The Cabinet approved the changes to facilitate the membership procedure for banks and credit institutions to increase the fund’s protection of deposits for customers, IRNA reported.
The IDGF was established in 2013 by the Central Bank of Iran to beef up its regulatory watch over monetary and banking operations. The fund’s assets are generated through the membership fees of banks and credit institutions plus 0.25% of bank deposits.
If its funds are not sufficient to repay the guaranteed deposits of a bankrupt credit institution, CBI will cover any shortfall after the Cabinet’s approval.
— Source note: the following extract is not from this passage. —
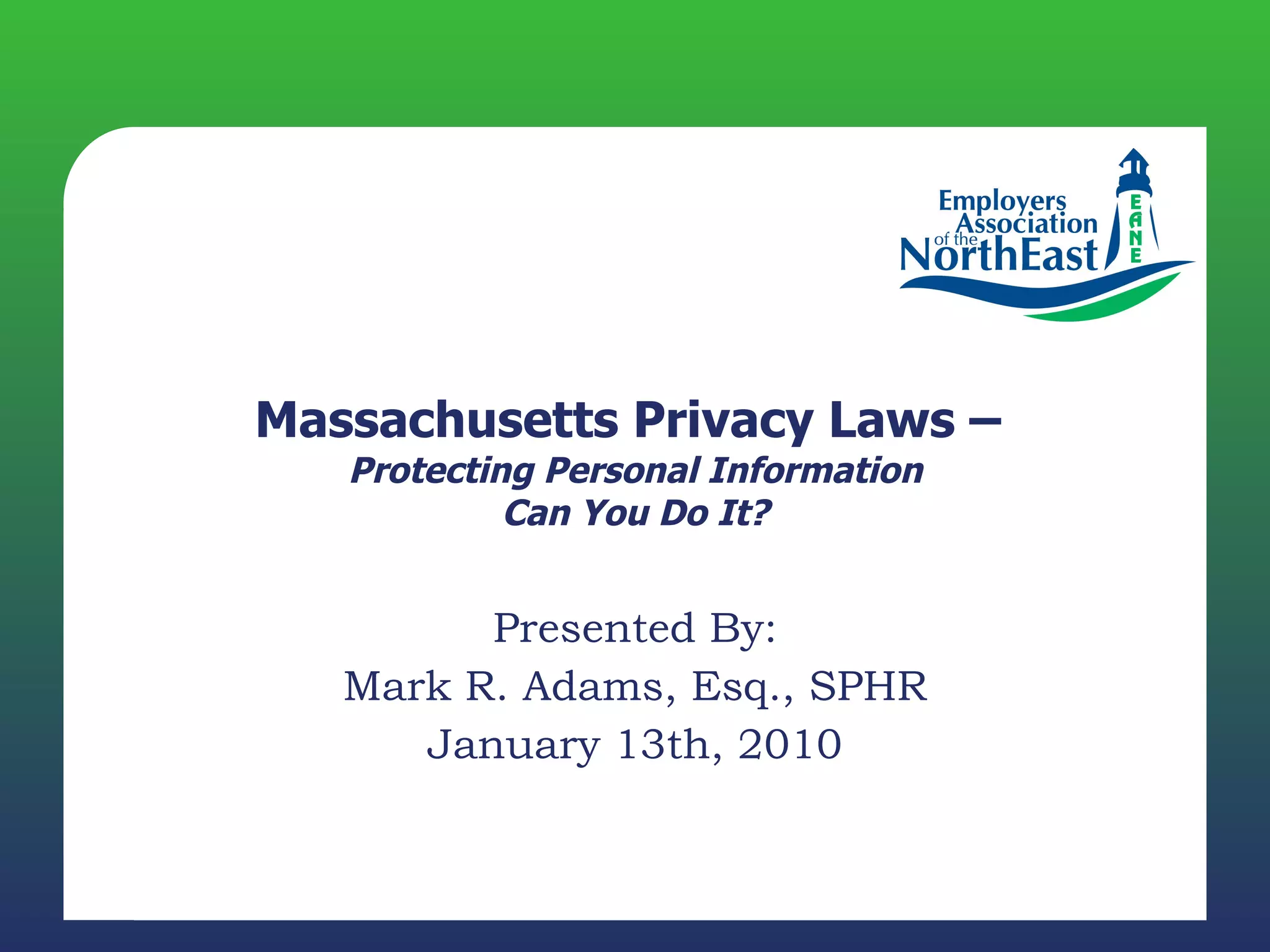 This document summarizes Massachusetts privacy laws regarding the protection of personal information. It outlines key aspects of the Massachusetts Data Protection Law and Comprehensive Written Information Security Program (CWISP) requirements, including defining personal information, risk assessment, information storage, policy development, third party compliance, access limitations, monitoring, and penalties for non-compliance. Employers are required to implement security programs, limit data access, train employees, and properly destroy records to protect personal information.

The fund was formed with the main goal of guaranteeing banks and credit institutions’ deposits in case of a banking crisis. It guarantees the deposits of each customer in every member bank or credit institution for up to 1 billion rials ($26,700) and if the bank or credit institution finds itself bankrupt, as per the regulations, the fund will reimburse depositors up to that ceiling.
Mohammad Talebi, the fund’s director, last week announced that IDGF has so far guaranteed the indemnity of 99.5% of the entire deposits of member banks and credit institutions in terms of number.
“Since the fund has been established, banks have welcomed it and paid their membership fees regularly, which is a good thing as it eases depositors’ concerns,” Talebi was also quoted as saying by Tasnim News Agency.
As per the law, all banks and credit institutions certified by CBI are obligated to become a member of IDGF and in line with that, 36 banks and credit institutions have so far joined the fund.
Talebi noted that Iranian people trust the banking system and believe it to be the best place to invest their money.
Furthermore, “since our economy is bank oriented, that counts as a big advantage for lenders,” he said.
“Iranian banks are improving at a good pace and CBI has increased its supervision over them, which is good news for the customers.”
CBI, under the governorship of Valiollah Seif, has been striving to kick-start major reforms in the banking system by introducing the Banking Reform Bill and the Central Bank Bill which, the International Monetary Fund believes, will be helpful, as they will provide the tools to deal with distressed lenders and enhance effective supervision over them.
The director of IDGF noted that established norms across the world require 1.5-2% of the assets of banks to be allocated to insurance funds or deposit guarantees.
With a two-year history of official activity in the Iranian banking system, IDGF has “received membership fees from banks and credit institutions, amassing significant assets in line with global levels”.
He added that the fund has registered a 25-30% progress in attracting assets, which is a good sign.
Talebi noted that unauthorized banks and credit institutions are outside the boundaries of law and, therefore, no guarantees will be extended to them.